> Task directions:
Transcribe only what runs from the line containing "雨のため、外周ランニングのあと、筋トレを元気よくやってます。" through the end of the listing, line for line and exactly, and omit the pictures.

> Excerpted data:
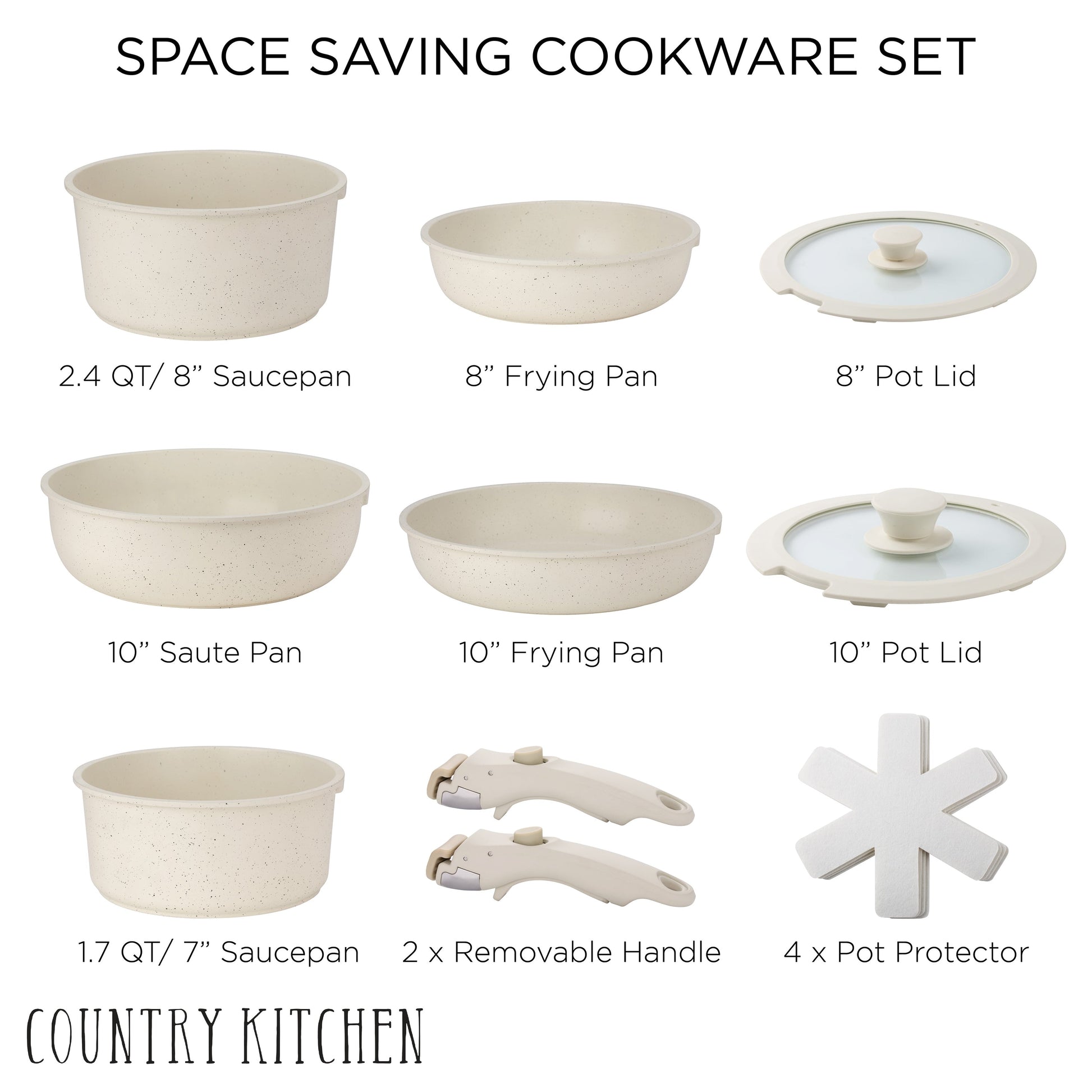 Batterie de cuisine Country Kitchen pour camping-car - 13 pièces de casseroles et poêles en aluminium avec poignée amovible, compatible four
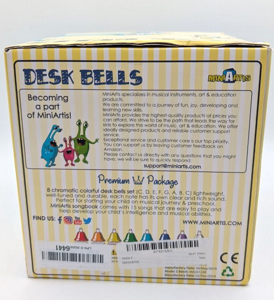 IsListingCreatedFromScratch: FalseType: Desk BellsBrand: MINIARTISMaterial: MetalFeatures: LightweightModel: MA-DBCO-01ACountry/Region of Manufacture: ChinaNumber of Pieces: 8Items Included: 8 Chromatic Coloful desk bell set and SongbookMINIARTIS Desk Bells for Kids, Educational Music Toys, 8 Notes/Color Hand Bells (AR299)Item is...Regular price $39.99Quick view
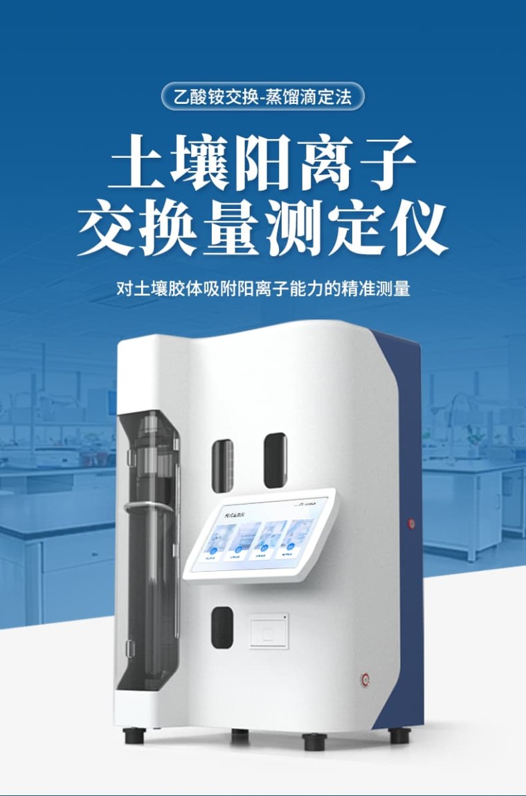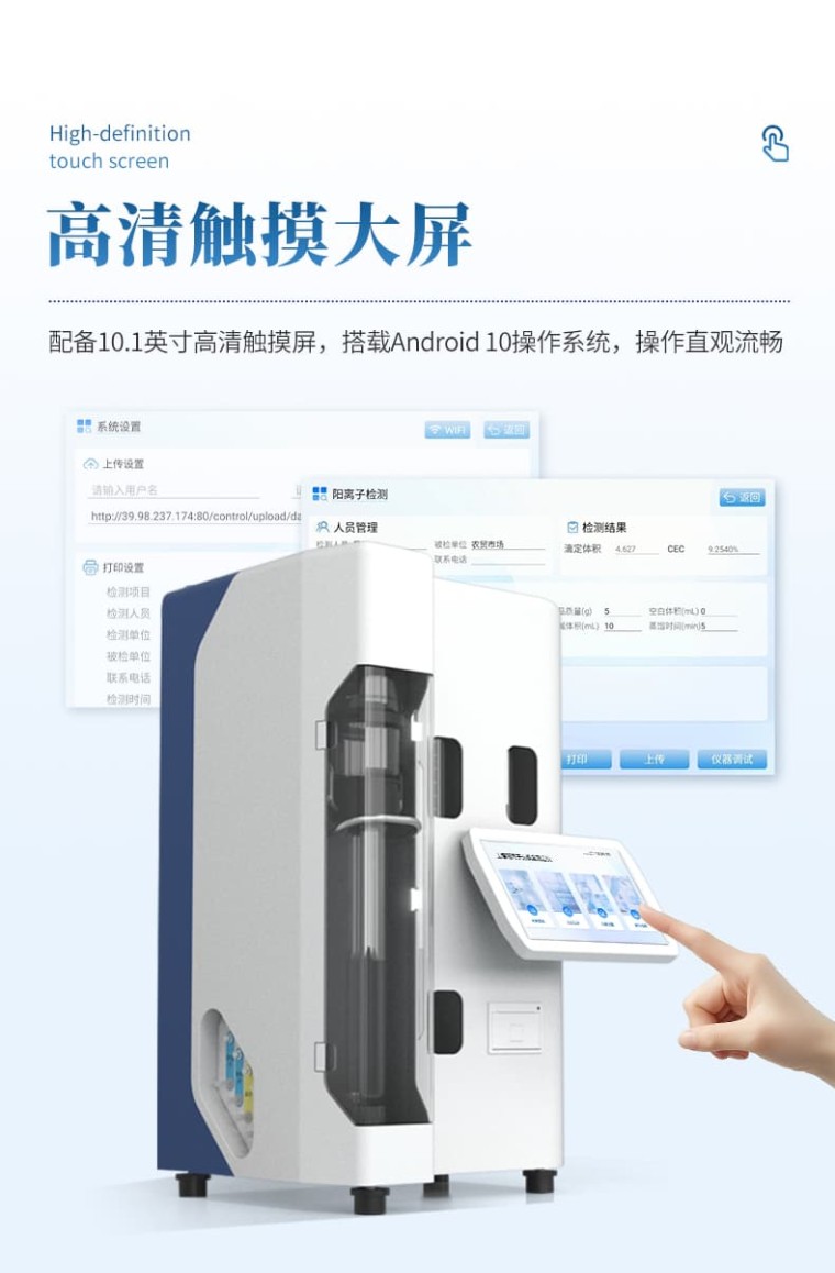 土壤阳离子交换量测定仪是一种专门用于测量土壤阳离子交换量(CEC:土壤胶体能够吸附各种阳离子的总量)的专业设备。利用电化学原理来工作,通过向土壤样品施加一定条件下的溶液,并测量土壤颗粒表面吸收的阳离子与溶液中的阳离子进行交换的能力。 设备原理: 依据《森林土壤阳离子交换量的测定》(LYT 1243-1999)。用1mol/L的乙酸铵溶液反复处理土壤,使土壤成为铵离子饱和土,过量的乙酸铵用95%乙醇洗去,然后加氧化镁,用定氮蒸馏的方法进行蒸馏。蒸馏出的氨用硼酸溶液吸收,以标准酸液滴定,根据铵离子的量计算土壤阳离子交换量。 设备特点: 1、10.1寸触摸屏,Android10系统。 2、具有wifi联网功能,检测结果可直接上传监管平台。 3、高容量16G存储容量,检测结果存储500万条。 4、检测结果为Excel表格,直接拷贝到U盘。 检测结果可批量打印,批量上传。 5、高速热敏打印机,检测完成自动打印检测报告。 6、程序控制冷凝水开启关闭,节约用水量。 7、冷凝水流速监测,低流速报警。 8、蒸发器水位,温度,压力等多重防护。 9、采用强耐腐蚀器件。 10、自动排废,清洗。 设备参数: 1、测量范围:0.1~240.0mg氮 2、样品重量:固体≤8.0g,液体≤30.0ml 3、滴定精度:≤0.001μL/步、最小滴定体积:0.5uL/步 4、滴定方式:动态滴定 (边蒸馏边滴定,比静态滴定节约时间30%-50%) 5、准确度:示值误差≤1% 6、重 复 性:相对标准偏差≤0.5% 7、测定速度:3~10min/样品(消解好的样品液) 8、功 率:≤1500W 9、重量:19Kg 10、尺寸:405×465×690(mm) 11、环境温度:10-35℃ 12、环境湿度:相对湿度不大于85% 13、工作电压:220V 50HZ
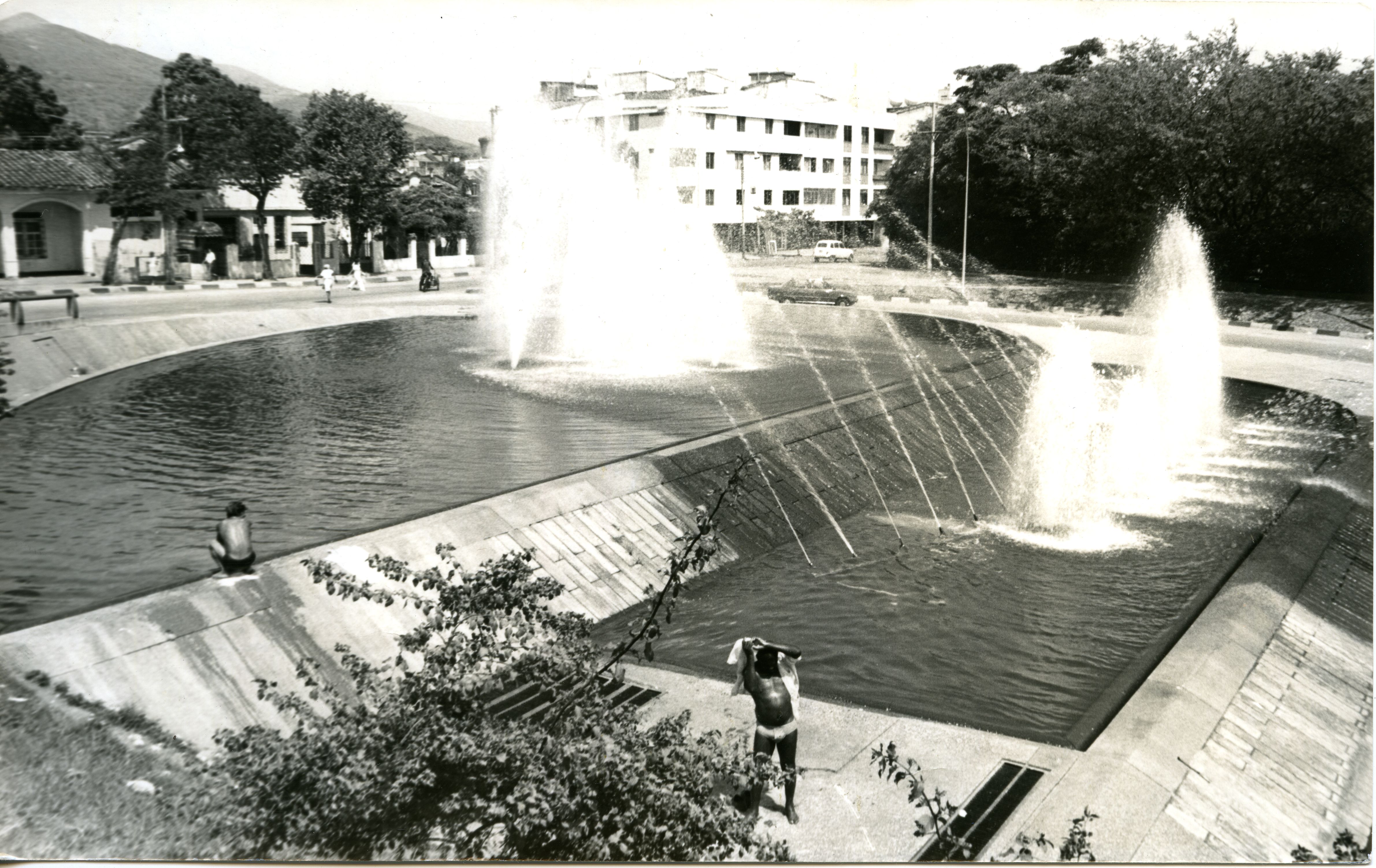 En la gráfica se observan dos personas bañándose en una fuente de agua como si fuera una piscina
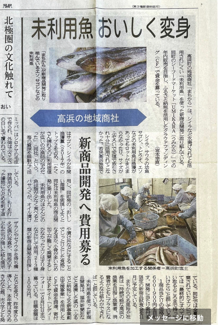 2021年7月7日に福井県高浜町にて新たにオープンした海と旅するマーケットUMIKARAにある「うみから食堂」内にて、ご支援者様限定試食会を開催します。開発中の新商品の試食会を開催します。
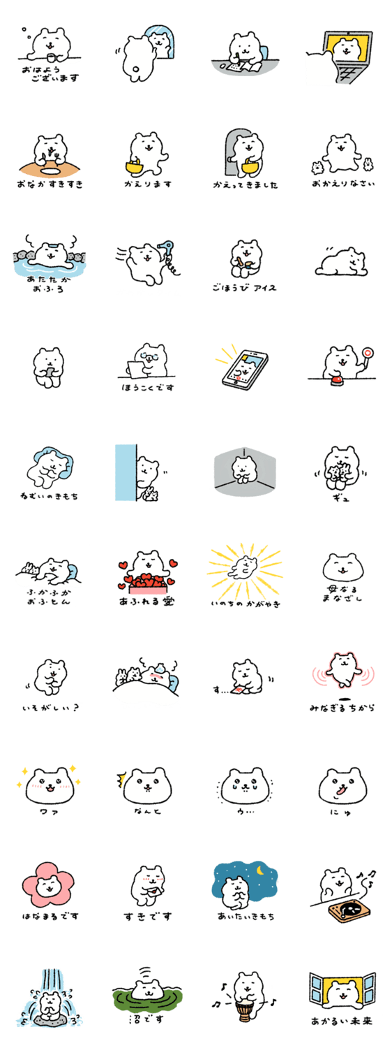 暮らしをがんばりすぎず なんとか日々を生き抜く しろくまのスタンプです。あかるい未来を願って 自分なりのペースで 今日もすこやかに生活をしています。
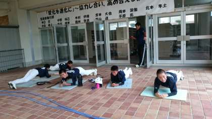 雨のため、外周ランニングのあと、筋トレを元気よくやってます。
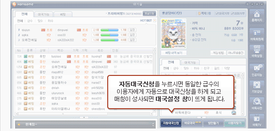 위에서 보시는 것이 무엇인고 하니 한게임바둑 바로가기 플레이를 위해서 모인 사람들이 대기를 하는 공간이라고 할 수가 있겠습니다. 이곳에서 대국을 하고자 하는 사람을 찾아서 플레이를 하는 것이 가능하겠는데요. 다양한 방법으로 게임을 즐기는 것이 가능하지만 가장 빠른 게임 즐길 수 있는 방법 한가지를 좀 알려드릴까 합니다. 바로 자동대국신청이라는 기능을 이용하는 것인데요.

> Task answer:
 雨のため、外周ランニングのあと、筋トレを元気よくやってます。
 위에서 보시는 것이 무엇인고 하니 한게임바둑 바로가기 플레이를 위해서 모인 사람들이 대기를 하는 공간이라고 할 수가 있겠습니다. 이곳에서 대국을 하고자 하는 사람을 찾아서 플레이를 하는 것이 가능하겠는데요. 다양한 방법으로 게임을 즐기는 것이 가능하지만 가장 빠른 게임 즐길 수 있는 방법 한가지를 좀 알려드릴까 합니다. 바로 자동대국신청이라는 기능을 이용하는 것인데요.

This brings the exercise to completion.